● Work instruction: A word-for-word reproduction of the data below is needed, with no pictures in it.

==== Dataset content

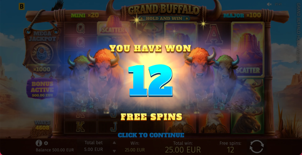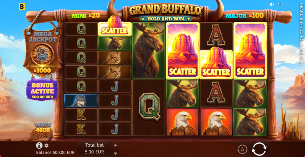 Grand Buffalo Hold and Win offers players the chance to win up to 5,000 times their initial stake, providing substantial payouts through its exciting, innovative gameplay.
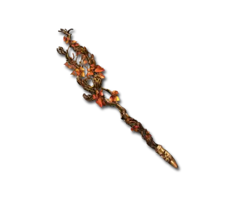 | This staff was born from the entwining vines of a sacred tree that grew from blessed, motherly soil. As the seasons pass, the life force within it causes flowers to bloom along its surface. It may have the power to cure a forlorn heart. |
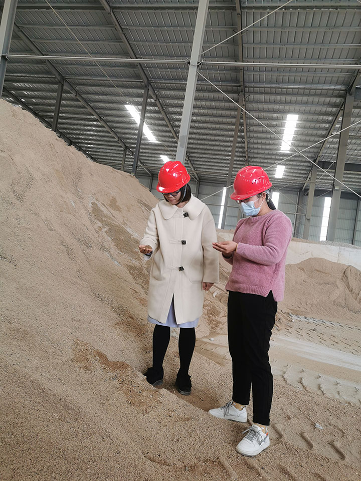 混凝土公司曹惠、曾萍仔細檢查,嚴格把關生產混凝土的原材料,確保混凝土出產品質。

========

● Exercise answer:
 Grand Buffalo Hold and Win offers players the chance to win up to 5,000 times their initial stake, providing substantial payouts through its exciting, innovative gameplay.
 | This staff was born from the entwining vines of a sacred tree that grew from blessed, motherly soil. As the seasons pass, the life force within it causes flowers to bloom along its surface. It may have the power to cure a forlorn heart. |
 混凝土公司曹惠、曾萍仔細檢查,嚴格把關生產混凝土的原材料,確保混凝土出產品質。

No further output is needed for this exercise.